The Arduino Nano has a timeout function, but I don't know what it does in Slave mode: https://www.arduino.cc/reference/en/language/functions/communication/wire/setwiretimeout/

There is an other and better solution. The Raspberry Pi runs linux, so the best choice is to connect the Arduino Nano via the USB connector and use Serial/UART data over the USB bus. Run a sketch on the Nano and a Python script on the Raspberry Pi.

It ran for well over a year without any issues, so unless linux updating in the meantime caused this to fail, I doubt that it is fundamentally the issue, especially because the Raspberry Pi is still sending out I2C signal requests, as demonstrated by the waveform, AND I have determined via extensive testing that the Arduino itself stops seeing these requests, via simply asking it to tell me if it doesn't see an I2C request after 2 seconds and just continuously sending i2c requests. I am gauranteeing it's not the Raspberry Pi as I've encountered other Pis that broke on this project, but none of the reasons they've broken have been related to this.

As for the 0x08 thing:

0x08 is completely valid, that isn't the issue, lower is the lowest you can go, doubly so since this will work fine for 20 minutes being failing at some points, so that can't be the issue.

There is an other and better solution. The Raspberry Pi runs linux, so the best choice is to connect the Arduino Nano via the USB connector and use Serial/UART data over the USB bus. Run a sketch on the Nano and a Python script on the Raspberry Pi.

This is a system with a (fairly) complicated setup that I'd rather not run more cables in because that will cause more headaches in the future, especially since device discovery is supposed to happen over the I2C bus in the first place by interrogating what device it is (which was a different set of code, also demonstrating the same issue), and the fact that I'm supposed to have multiple devices on the same bus, you can't do that with UART sadly.

Can you show a photo ?
Do you use wires or a cable ? and how is the GND connected ?

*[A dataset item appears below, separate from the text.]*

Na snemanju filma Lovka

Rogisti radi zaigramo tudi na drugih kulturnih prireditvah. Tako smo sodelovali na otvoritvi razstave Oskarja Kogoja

The nano slots into a PCB setup that slots onto a Raspberry Pi Hat, it's a set of custom PCBs that are redirecting the signals appropriately, as well as allowing power through certain sections of the board stack, the PCBs themselves have been unchanged for 2 years, I doubt that it is fundamentally the cause of this issue. The ground is thus good (these PCBs are actually designed in-house, so we know what's going on), and the

I have a disgusting workaround of attempting to pull the reset-pin low and then high again and then letting the entire system restart while in the middle of a data-recording, but that's fundamentally disgusting and just papering over the issue instead of actually fixing anything.

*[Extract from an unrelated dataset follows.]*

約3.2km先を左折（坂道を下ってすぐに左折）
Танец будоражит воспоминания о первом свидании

Does that mean that the SDA and SCL are not going into a cable ? That is good.

With all the information that I have now, I'm thinking about three things:

  • a timing problem
  • a memory bug in the code
  • contacts that have gone bad.

That means you have to check every line of code and all the hardware.

The I2C bus can work for years and then suddenly fail. The reason is that it sometimes barely works.
A memory problem in the code and linger on for years without showing itself. If something from the outside changes, it might suddenly pop up.
Taking the shields apart and then put them together again might solve a bad contact.

Do you know that we have a saying on this forum: "The problem is in the part that you are not showing". We have to see the code that goes wrong.
You might be using a library that turns off the interrupts: DHT, Neopixel, OneWire, and other libraries. That has a big influence on the response time of the I2C bus.
You might have a onRequest handler that is more complex.
Perhaps the 0.1 seconds is not enough ?

This topic was automatically closed 180 days after the last reply. New replies are no longer allowed.